▶ _Data records_

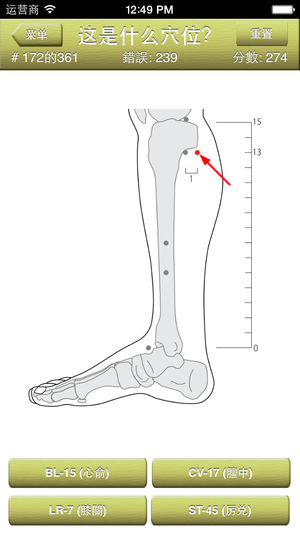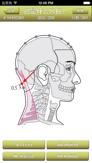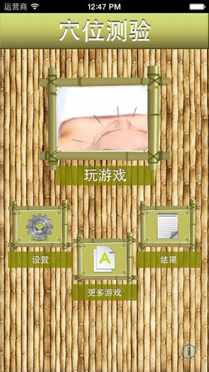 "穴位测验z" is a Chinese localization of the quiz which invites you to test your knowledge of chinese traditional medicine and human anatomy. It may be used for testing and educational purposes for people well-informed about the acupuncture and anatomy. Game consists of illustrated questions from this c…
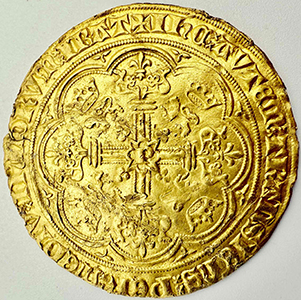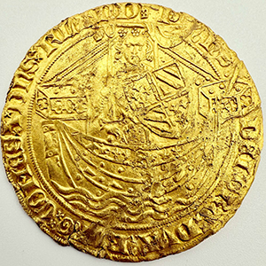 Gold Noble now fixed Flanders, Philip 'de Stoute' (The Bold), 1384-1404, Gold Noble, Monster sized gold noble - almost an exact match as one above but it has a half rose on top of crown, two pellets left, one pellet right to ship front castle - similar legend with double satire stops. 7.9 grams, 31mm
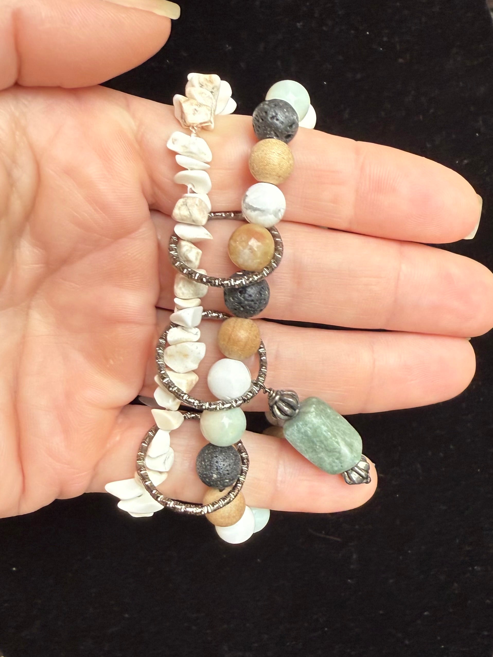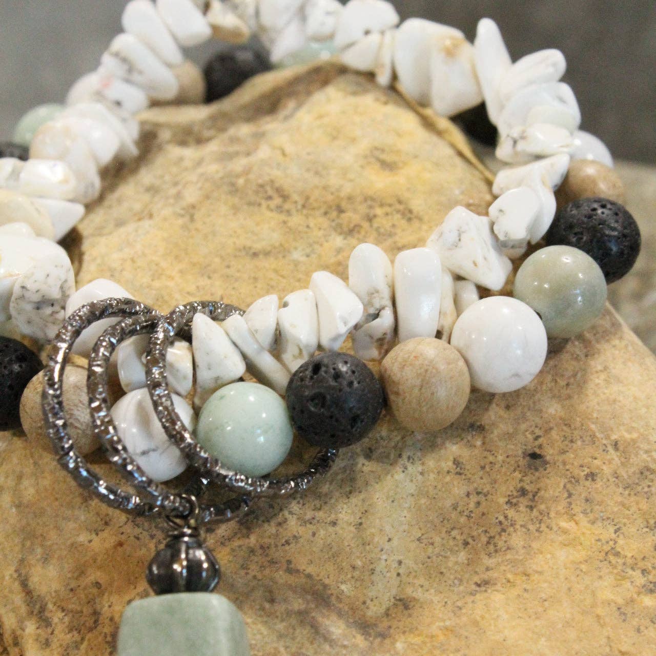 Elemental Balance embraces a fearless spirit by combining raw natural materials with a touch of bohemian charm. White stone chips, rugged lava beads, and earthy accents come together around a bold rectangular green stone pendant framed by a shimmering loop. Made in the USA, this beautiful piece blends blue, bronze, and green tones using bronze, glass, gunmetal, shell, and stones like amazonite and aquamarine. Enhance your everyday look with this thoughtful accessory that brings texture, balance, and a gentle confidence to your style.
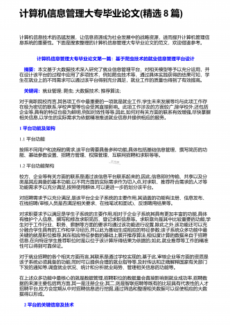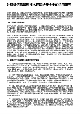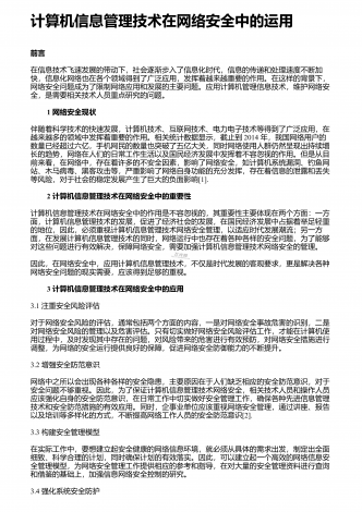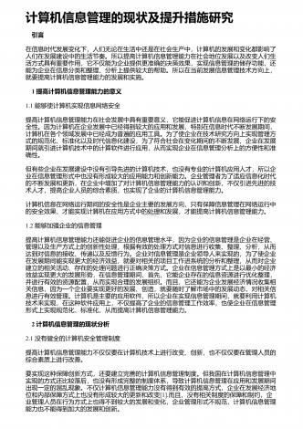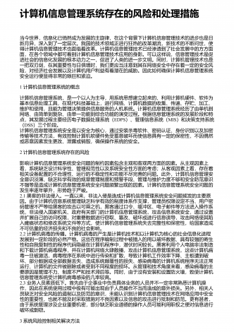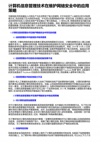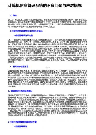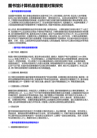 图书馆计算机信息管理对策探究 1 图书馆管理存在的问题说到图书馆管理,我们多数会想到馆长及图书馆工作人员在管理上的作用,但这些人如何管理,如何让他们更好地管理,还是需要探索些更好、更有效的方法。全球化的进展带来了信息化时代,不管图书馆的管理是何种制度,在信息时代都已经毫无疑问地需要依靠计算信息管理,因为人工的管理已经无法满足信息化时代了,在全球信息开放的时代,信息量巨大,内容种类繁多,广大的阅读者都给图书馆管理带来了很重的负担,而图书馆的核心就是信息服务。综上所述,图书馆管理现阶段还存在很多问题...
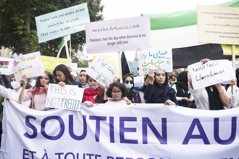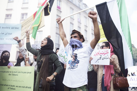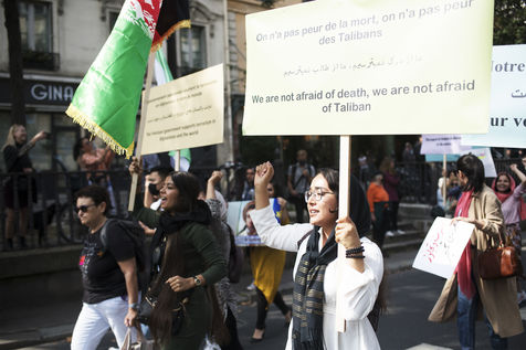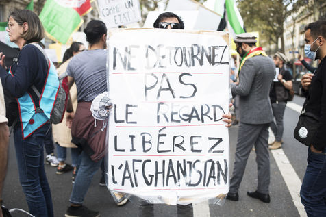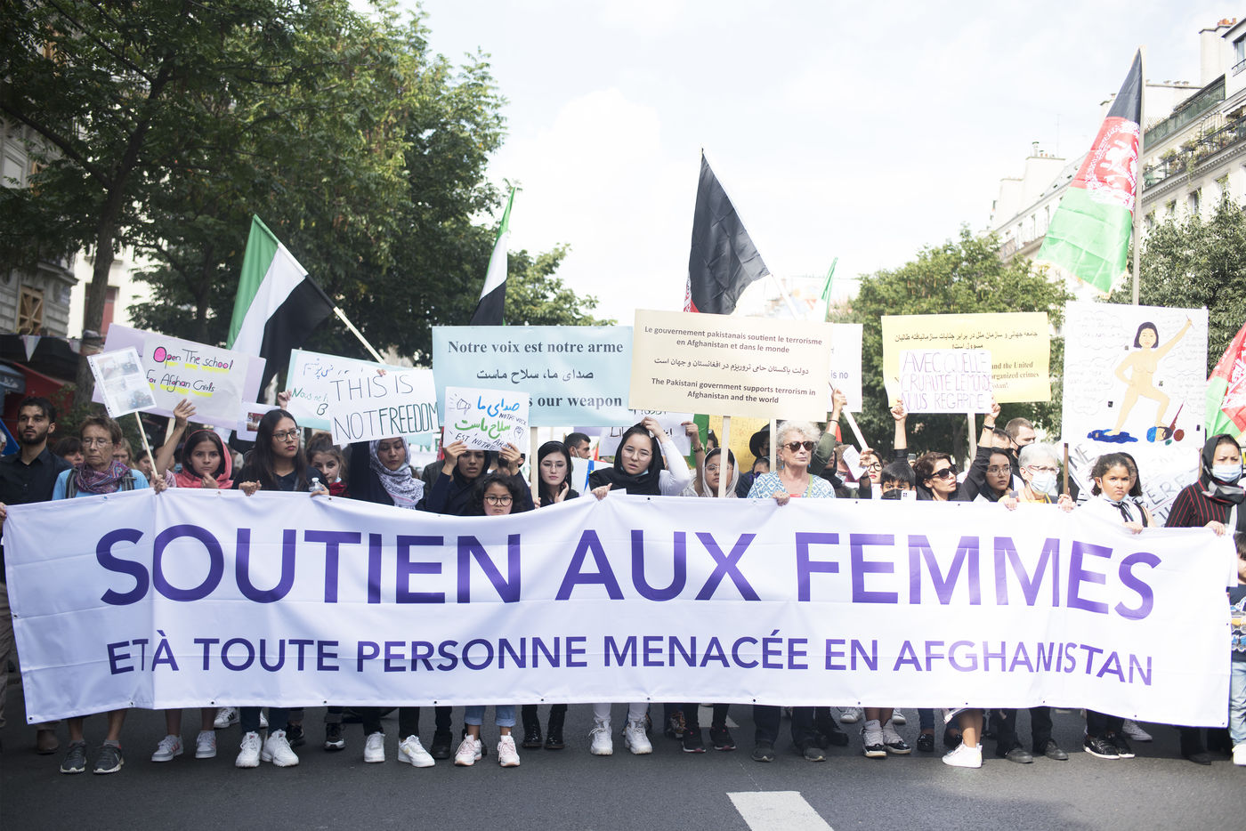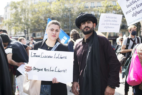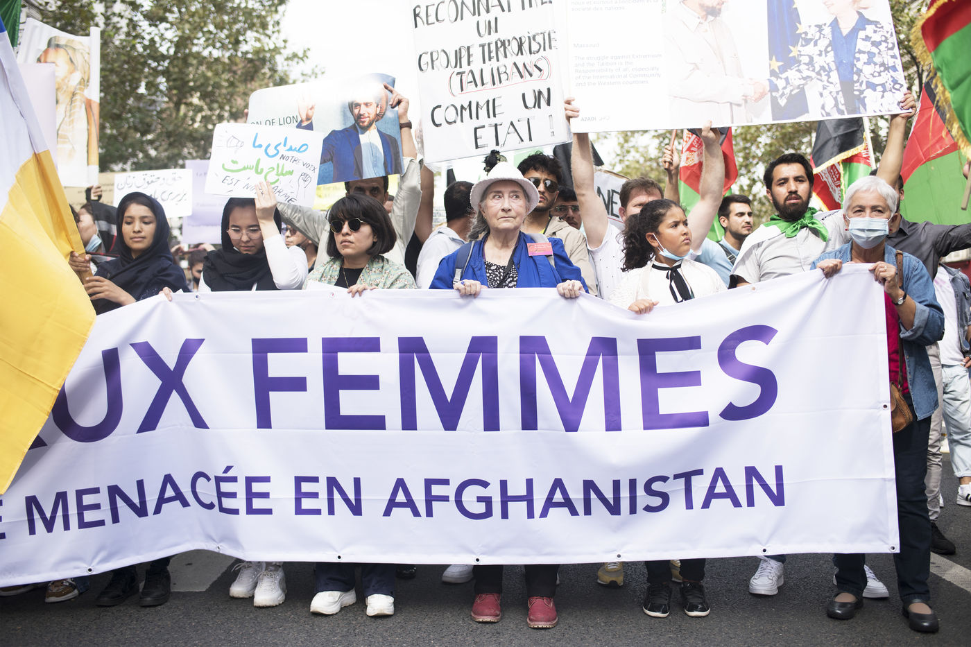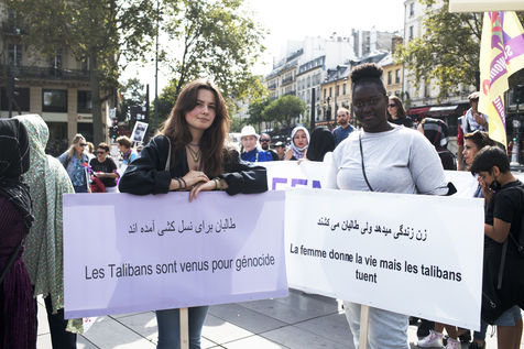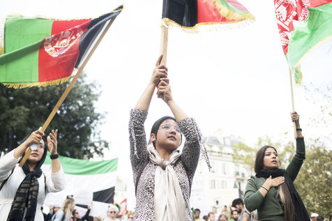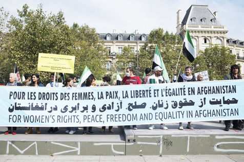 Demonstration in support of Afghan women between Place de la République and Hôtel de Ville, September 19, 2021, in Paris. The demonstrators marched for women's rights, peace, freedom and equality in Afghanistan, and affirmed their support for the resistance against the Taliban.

▶ _Work request_
Leaving the pictures aside, transcribe the entire listing exactly.

▶ _Answer box_
 "穴位测验z" is a Chinese localization of the quiz which invites you to test your knowledge of chinese traditional medicine and human anatomy. It may be used for testing and educational purposes for people well-informed about the acupuncture and anatomy. Game consists of illustrated questions from this c…
 Gold Noble now fixed Flanders, Philip 'de Stoute' (The Bold), 1384-1404, Gold Noble, Monster sized gold noble - almost an exact match as one above but it has a half rose on top of crown, two pellets left, one pellet right to ship front castle - similar legend with double satire stops. 7.9 grams, 31mm
 Elemental Balance embraces a fearless spirit by combining raw natural materials with a touch of bohemian charm. White stone chips, rugged lava beads, and earthy accents come together around a bold rectangular green stone pendant framed by a shimmering loop. Made in the USA, this beautiful piece blends blue, bronze, and green tones using bronze, glass, gunmetal, shell, and stones like amazonite and aquamarine. Enhance your everyday look with this thoughtful accessory that brings texture, balance, and a gentle confidence to your style.
 图书馆计算机信息管理对策探究 1 图书馆管理存在的问题说到图书馆管理,我们多数会想到馆长及图书馆工作人员在管理上的作用,但这些人如何管理,如何让他们更好地管理,还是需要探索些更好、更有效的方法。全球化的进展带来了信息化时代,不管图书馆的管理是何种制度,在信息时代都已经毫无疑问地需要依靠计算信息管理,因为人工的管理已经无法满足信息化时代了,在全球信息开放的时代,信息量巨大,内容种类繁多,广大的阅读者都给图书馆管理带来了很重的负担,而图书馆的核心就是信息服务。综上所述,图书馆管理现阶段还存在很多问题...
 Demonstration in support of Afghan women between Place de la République and Hôtel de Ville, September 19, 2021, in Paris. The demonstrators marched for women's rights, peace, freedom and equality in Afghanistan, and affirmed their support for the resistance against the Taliban.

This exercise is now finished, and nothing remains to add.